## WHAT YOU ARE ASKED TO DO
Print, exactly and completely, every entry in the data.

[DATA SUPPLIED — start]

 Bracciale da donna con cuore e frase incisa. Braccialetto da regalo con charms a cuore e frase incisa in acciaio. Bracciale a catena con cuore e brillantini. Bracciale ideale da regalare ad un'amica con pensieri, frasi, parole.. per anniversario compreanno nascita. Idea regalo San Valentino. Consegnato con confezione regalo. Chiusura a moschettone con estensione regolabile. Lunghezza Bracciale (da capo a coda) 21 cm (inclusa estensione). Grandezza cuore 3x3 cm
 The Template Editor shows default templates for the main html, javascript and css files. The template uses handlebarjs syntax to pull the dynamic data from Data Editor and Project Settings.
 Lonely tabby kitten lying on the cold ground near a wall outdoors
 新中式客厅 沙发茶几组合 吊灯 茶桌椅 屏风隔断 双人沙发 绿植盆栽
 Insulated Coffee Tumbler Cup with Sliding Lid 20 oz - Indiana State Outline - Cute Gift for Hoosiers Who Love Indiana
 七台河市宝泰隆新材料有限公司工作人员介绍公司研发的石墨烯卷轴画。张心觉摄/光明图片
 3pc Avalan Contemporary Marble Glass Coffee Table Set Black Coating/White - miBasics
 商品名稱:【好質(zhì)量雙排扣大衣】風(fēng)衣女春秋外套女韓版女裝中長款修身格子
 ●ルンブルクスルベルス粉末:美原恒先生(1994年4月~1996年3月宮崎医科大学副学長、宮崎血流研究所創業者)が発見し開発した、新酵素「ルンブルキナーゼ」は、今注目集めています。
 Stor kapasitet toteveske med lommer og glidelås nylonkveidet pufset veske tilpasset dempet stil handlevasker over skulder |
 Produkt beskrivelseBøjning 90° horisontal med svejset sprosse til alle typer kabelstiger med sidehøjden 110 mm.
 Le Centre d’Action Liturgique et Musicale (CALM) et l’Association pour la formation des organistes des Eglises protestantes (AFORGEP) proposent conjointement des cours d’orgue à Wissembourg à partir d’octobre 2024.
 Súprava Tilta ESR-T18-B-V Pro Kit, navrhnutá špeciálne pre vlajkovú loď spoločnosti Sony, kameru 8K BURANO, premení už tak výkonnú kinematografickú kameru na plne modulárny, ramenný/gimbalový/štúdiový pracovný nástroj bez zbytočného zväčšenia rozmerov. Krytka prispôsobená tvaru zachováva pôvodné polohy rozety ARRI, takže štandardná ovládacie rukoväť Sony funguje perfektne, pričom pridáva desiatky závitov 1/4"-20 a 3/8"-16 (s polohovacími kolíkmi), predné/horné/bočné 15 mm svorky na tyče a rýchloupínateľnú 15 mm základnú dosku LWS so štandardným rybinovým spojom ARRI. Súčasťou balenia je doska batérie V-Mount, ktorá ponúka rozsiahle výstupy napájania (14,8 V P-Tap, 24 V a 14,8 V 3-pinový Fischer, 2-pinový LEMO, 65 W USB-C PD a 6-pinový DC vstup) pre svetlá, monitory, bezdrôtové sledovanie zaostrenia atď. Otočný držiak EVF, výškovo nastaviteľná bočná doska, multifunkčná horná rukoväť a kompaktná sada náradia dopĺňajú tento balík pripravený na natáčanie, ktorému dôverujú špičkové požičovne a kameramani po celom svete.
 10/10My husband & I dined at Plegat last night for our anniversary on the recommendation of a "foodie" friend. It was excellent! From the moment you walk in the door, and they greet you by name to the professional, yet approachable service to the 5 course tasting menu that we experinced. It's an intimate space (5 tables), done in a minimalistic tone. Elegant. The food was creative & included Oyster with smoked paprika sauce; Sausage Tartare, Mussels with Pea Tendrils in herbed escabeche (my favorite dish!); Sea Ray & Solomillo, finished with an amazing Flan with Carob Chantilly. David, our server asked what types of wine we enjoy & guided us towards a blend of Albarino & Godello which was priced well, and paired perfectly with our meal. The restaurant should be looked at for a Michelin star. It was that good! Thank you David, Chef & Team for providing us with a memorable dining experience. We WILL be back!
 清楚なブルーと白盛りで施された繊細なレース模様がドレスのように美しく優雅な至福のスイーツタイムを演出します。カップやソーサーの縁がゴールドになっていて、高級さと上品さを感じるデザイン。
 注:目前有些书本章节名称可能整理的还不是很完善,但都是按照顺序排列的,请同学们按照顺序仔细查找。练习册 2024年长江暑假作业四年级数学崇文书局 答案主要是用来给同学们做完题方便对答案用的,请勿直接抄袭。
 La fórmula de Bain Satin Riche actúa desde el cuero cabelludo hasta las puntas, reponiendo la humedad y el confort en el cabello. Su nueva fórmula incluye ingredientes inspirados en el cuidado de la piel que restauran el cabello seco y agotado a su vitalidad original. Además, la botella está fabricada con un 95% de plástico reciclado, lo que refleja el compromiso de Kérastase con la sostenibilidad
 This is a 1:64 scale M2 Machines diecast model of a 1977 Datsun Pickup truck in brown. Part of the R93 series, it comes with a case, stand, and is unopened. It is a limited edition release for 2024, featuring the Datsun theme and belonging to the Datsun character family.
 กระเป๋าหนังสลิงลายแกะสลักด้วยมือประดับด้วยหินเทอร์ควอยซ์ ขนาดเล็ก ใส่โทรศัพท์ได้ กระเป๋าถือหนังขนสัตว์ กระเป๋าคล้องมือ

[DATA SUPPLIED — finish]

## OUTPUT FOR THIS TASK
 Bracciale da donna con cuore e frase incisa. Braccialetto da regalo con charms a cuore e frase incisa in acciaio. Bracciale a catena con cuore e brillantini. Bracciale ideale da regalare ad un'amica con pensieri, frasi, parole.. per anniversario compreanno nascita. Idea regalo San Valentino. Consegnato con confezione regalo. Chiusura a moschettone con estensione regolabile. Lunghezza Bracciale (da capo a coda) 21 cm (inclusa estensione). Grandezza cuore 3x3 cm
 The Template Editor shows default templates for the main html, javascript and css files. The template uses handlebarjs syntax to pull the dynamic data from Data Editor and Project Settings.
 Lonely tabby kitten lying on the cold ground near a wall outdoors
 新中式客厅 沙发茶几组合 吊灯 茶桌椅 屏风隔断 双人沙发 绿植盆栽
 Insulated Coffee Tumbler Cup with Sliding Lid 20 oz - Indiana State Outline - Cute Gift for Hoosiers Who Love Indiana
 七台河市宝泰隆新材料有限公司工作人员介绍公司研发的石墨烯卷轴画。张心觉摄/光明图片
 3pc Avalan Contemporary Marble Glass Coffee Table Set Black Coating/White - miBasics
 商品名稱:【好質(zhì)量雙排扣大衣】風(fēng)衣女春秋外套女韓版女裝中長款修身格子
 ●ルンブルクスルベルス粉末:美原恒先生(1994年4月~1996年3月宮崎医科大学副学長、宮崎血流研究所創業者)が発見し開発した、新酵素「ルンブルキナーゼ」は、今注目集めています。
 Stor kapasitet toteveske med lommer og glidelås nylonkveidet pufset veske tilpasset dempet stil handlevasker over skulder |
 Produkt beskrivelseBøjning 90° horisontal med svejset sprosse til alle typer kabelstiger med sidehøjden 110 mm.
 Le Centre d’Action Liturgique et Musicale (CALM) et l’Association pour la formation des organistes des Eglises protestantes (AFORGEP) proposent conjointement des cours d’orgue à Wissembourg à partir d’octobre 2024.
 Súprava Tilta ESR-T18-B-V Pro Kit, navrhnutá špeciálne pre vlajkovú loď spoločnosti Sony, kameru 8K BURANO, premení už tak výkonnú kinematografickú kameru na plne modulárny, ramenný/gimbalový/štúdiový pracovný nástroj bez zbytočného zväčšenia rozmerov. Krytka prispôsobená tvaru zachováva pôvodné polohy rozety ARRI, takže štandardná ovládacie rukoväť Sony funguje perfektne, pričom pridáva desiatky závitov 1/4"-20 a 3/8"-16 (s polohovacími kolíkmi), predné/horné/bočné 15 mm svorky na tyče a rýchloupínateľnú 15 mm základnú dosku LWS so štandardným rybinovým spojom ARRI. Súčasťou balenia je doska batérie V-Mount, ktorá ponúka rozsiahle výstupy napájania (14,8 V P-Tap, 24 V a 14,8 V 3-pinový Fischer, 2-pinový LEMO, 65 W USB-C PD a 6-pinový DC vstup) pre svetlá, monitory, bezdrôtové sledovanie zaostrenia atď. Otočný držiak EVF, výškovo nastaviteľná bočná doska, multifunkčná horná rukoväť a kompaktná sada náradia dopĺňajú tento balík pripravený na natáčanie, ktorému dôverujú špičkové požičovne a kameramani po celom svete.
 10/10My husband & I dined at Plegat last night for our anniversary on the recommendation of a "foodie" friend. It was excellent! From the moment you walk in the door, and they greet you by name to the professional, yet approachable service to the 5 course tasting menu that we experinced. It's an intimate space (5 tables), done in a minimalistic tone. Elegant. The food was creative & included Oyster with smoked paprika sauce; Sausage Tartare, Mussels with Pea Tendrils in herbed escabeche (my favorite dish!); Sea Ray & Solomillo, finished with an amazing Flan with Carob Chantilly. David, our server asked what types of wine we enjoy & guided us towards a blend of Albarino & Godello which was priced well, and paired perfectly with our meal. The restaurant should be looked at for a Michelin star. It was that good! Thank you David, Chef & Team for providing us with a memorable dining experience. We WILL be back!
 清楚なブルーと白盛りで施された繊細なレース模様がドレスのように美しく優雅な至福のスイーツタイムを演出します。カップやソーサーの縁がゴールドになっていて、高級さと上品さを感じるデザイン。
 注:目前有些书本章节名称可能整理的还不是很完善,但都是按照顺序排列的,请同学们按照顺序仔细查找。练习册 2024年长江暑假作业四年级数学崇文书局 答案主要是用来给同学们做完题方便对答案用的,请勿直接抄袭。
 La fórmula de Bain Satin Riche actúa desde el cuero cabelludo hasta las puntas, reponiendo la humedad y el confort en el cabello. Su nueva fórmula incluye ingredientes inspirados en el cuidado de la piel que restauran el cabello seco y agotado a su vitalidad original. Además, la botella está fabricada con un 95% de plástico reciclado, lo que refleja el compromiso de Kérastase con la sostenibilidad
 This is a 1:64 scale M2 Machines diecast model of a 1977 Datsun Pickup truck in brown. Part of the R93 series, it comes with a case, stand, and is unopened. It is a limited edition release for 2024, featuring the Datsun theme and belonging to the Datsun character family.
 กระเป๋าหนังสลิงลายแกะสลักด้วยมือประดับด้วยหินเทอร์ควอยซ์ ขนาดเล็ก ใส่โทรศัพท์ได้ กระเป๋าถือหนังขนสัตว์ กระเป๋าคล้องมือ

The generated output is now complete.